Working on #174279670 to update ETPL data (programs and providers) to the most recent CSV.

This involves adding migration files to update the "seed" data. My planned process for this is to delete all data from these tables (programs and providers and programtokens) and then insert everything from the new files, instead of attempting a more complicated update transaction.

The issue at hand here is whether to try to make this delete-and-insert undoable.

Option A

We could try to make the database perfectly roll-back-able in these migrations by copy-pasting the previous version of the data in the "down" file. This would look like:

up-file:

delete from programs;
insert into programs ... ([new data]);

down-file:

delete from programs;
insert into programs ... ([old data]);

Option B

We could treat the database seed as a source of truth, not a migration, despite it being handled by the migration scripts. This would mean that the new data insert does not get undone when the database is rolled back.

up-file:

delete from programs;
insert into programs ... ([new data]);

down-file:

[does nothing]

Tradeoffs

Option A preserves the exact state of the database, and would therefore be an honest reflection of seeding as a migration step.

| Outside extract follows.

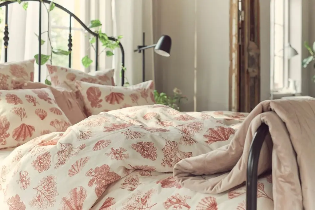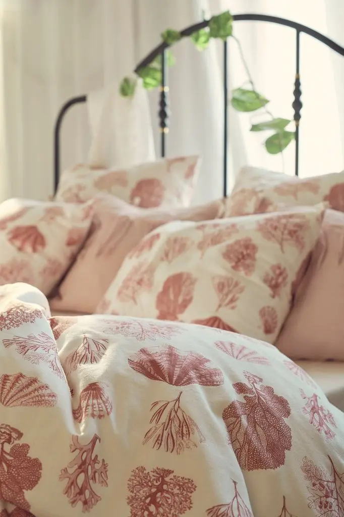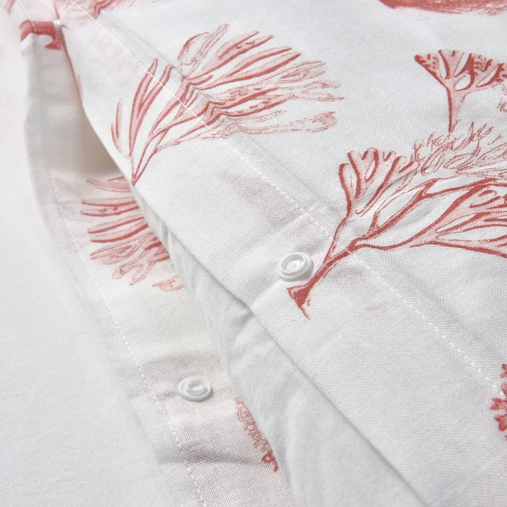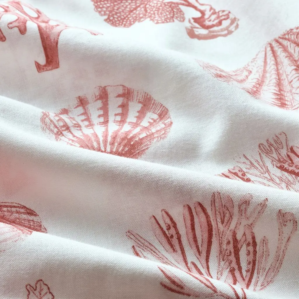 Постельное белье с орнаментом в виде кораллов, раковин и водорослей задаст морскую тему в оформлении интерьера. Ткань изготовлена из мягкого, «дышащего» и приятного на ощупь хлопка.

Option B treats the seed separate from the migration, and the new data would not be rolled back if we were to roll back migrations for a schema change.

The other issue at hand here is the programtokens table, which also needs to be deleted and recreated when the program table updates.

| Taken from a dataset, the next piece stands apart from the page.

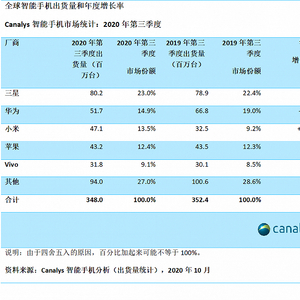 该季度,小米增速迅猛,较上年同期增长45%,出货量一举超苹果并开始追赶华为。需要指出的是,华为今年面临各种挑战,出货量大幅下滑,按当前节奏,就全球来说,小米有望实现对华为超越。值得一提的是,iPhone作为苹果核心产品,长期以来是核心收入来源,但全球市场受到三星、华为、小米等厂商挤压,尤其国内市场更是遭遇重创,销量不及本土手机厂商,根据苹果发布2020财年第四财季业绩显示,来自大中华区营收同比下降29%至79.5亿美元。

If we went with Option A, we would also have to delete and re-create the programtokens content at the end of the down-file - otherwise, the content would be out of sync. This is fine, but not ideal, because the down-file would be thousands of lines long full of insert statements, so a future coder looking at it to replicate the pattern might not realize it is doing that additional task at the end.

If we went with Option B, however, it would also be better to have the programtokens migration code at the end of the up-file, so that they are in sync with each other. So the same concern holds true.

If we do Option B, we could separate the changes to programs and programtokens into two separate migrations, then it's easier to see what's going on. But that makes them independently roll-back-able (roll back one without the other) which would put them out of sync. Separating these into 2 migration files would also make Option A impossible because of the new data that would be inserted in the programs down-file making programtokens out of sync.

Decision

Option A.

The biggest concern is programs and programtokens data being out of sync - this would make the app unusable. For this reason, making the changes to programtokens should happen in the same file as the programs changes. If they are in different files, the risk is greater that one would be rolled back without the other.

If we are acknowledging that we must have this code at the end of the thousands of lines of inserts, we may as well go with Option A, and do that in both the up-file and down-file (as opposed to just the up-file).

Since we have seeding as migration, then this preserves the full history, including the old data, on rollback.

Also, in the event that the future ETPL CSV changes structure, and the table needs to add or remove a column to address this, rolling back data changes as we roll back schema changes would make sense. Otherwise there could be a data/schema mismatch.

In order to address the concern about developers not knowing about the programtokens change at the end of the thousands of inserts, I will add a section in the README to address this case specifically.